* **DATA BLOCK**
%%
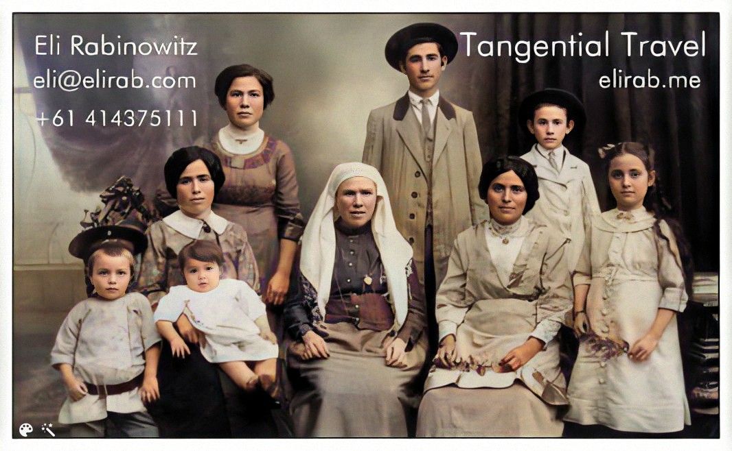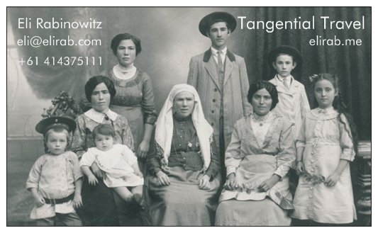 My business card with my Litvak Jerusalem family, who with me, are descendants of Tzoref, colorized, using MyHeritage’s new process.
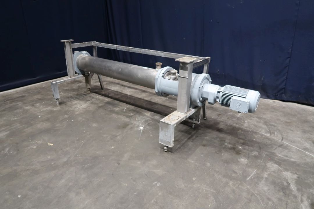 Scraped surface heatexchanger with 1 product cylinder, in stainless steel, tube diameter: 165 mm, length 1,830 mm. Rotor with 4 scrapers. Surface per tube 0,84 m² and volume per tube 40 ltr. Pressure: 150 psi (10 bar). Temperature: 400 °F (200 °C). Drive motor: 10 kW. Previous used for heating/cooling of food products (sauces/concentrate). On a stainless steel frame. Total dimensions: 310 x 110 x 90 cm. STN14965 was orginally mounted on top of this machine.
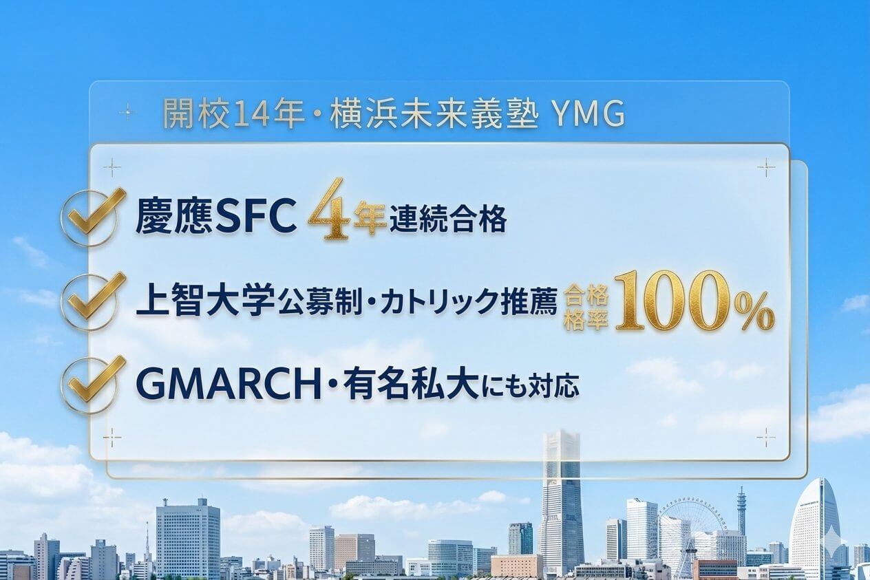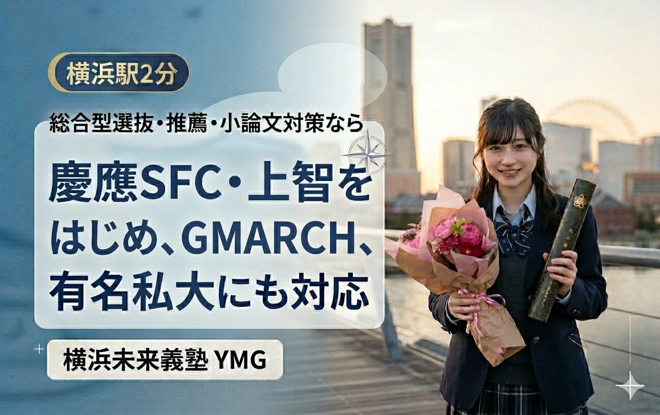 横浜未来義塾(YMG)では、「何を言うか」ではなく「何を論点として立てるか」から設計し、 慶應SFC・上智(公募/カト推)・早稲田・GMARCH・準難関大学まで、大学の出題意図に合わせて“通る形”に整えます。
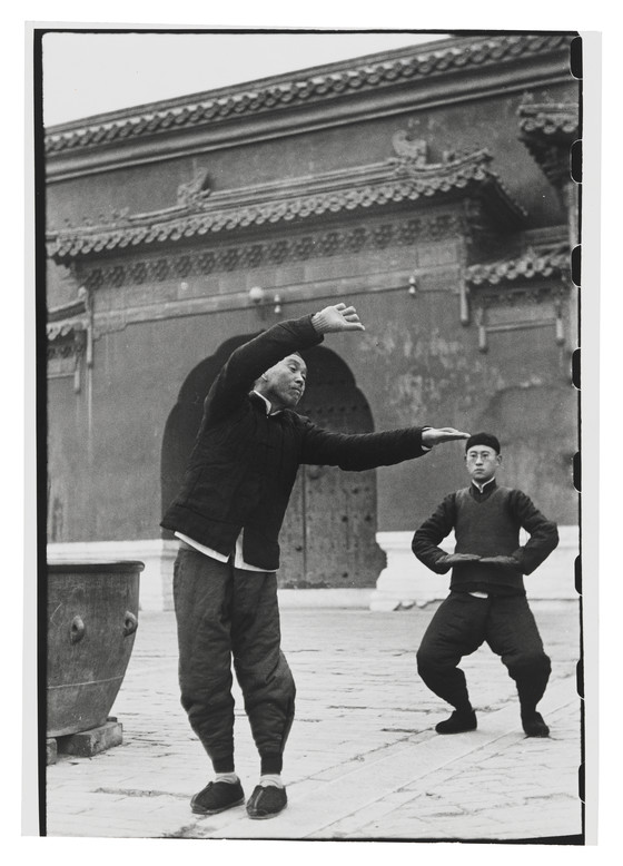 The Tai Miao gardens. Every morning at dawn, men come to do Chinese exercises. Beijing, December 1948
%%
* **ASSIGNMENT**
Only the pictures are to be dropped; the rest of the material above must be duplicated exactly.

* **SOLUTION TO THIS TASK**
 My business card with my Litvak Jerusalem family, who with me, are descendants of Tzoref, colorized, using MyHeritage’s new process.
 Scraped surface heatexchanger with 1 product cylinder, in stainless steel, tube diameter: 165 mm, length 1,830 mm. Rotor with 4 scrapers. Surface per tube 0,84 m² and volume per tube 40 ltr. Pressure: 150 psi (10 bar). Temperature: 400 °F (200 °C). Drive motor: 10 kW. Previous used for heating/cooling of food products (sauces/concentrate). On a stainless steel frame. Total dimensions: 310 x 110 x 90 cm. STN14965 was orginally mounted on top of this machine.
 横浜未来義塾(YMG)では、「何を言うか」ではなく「何を論点として立てるか」から設計し、 慶應SFC・上智(公募/カト推)・早稲田・GMARCH・準難関大学まで、大学の出題意図に合わせて“通る形”に整えます。
 The Tai Miao gardens. Every morning at dawn, men come to do Chinese exercises. Beijing, December 1948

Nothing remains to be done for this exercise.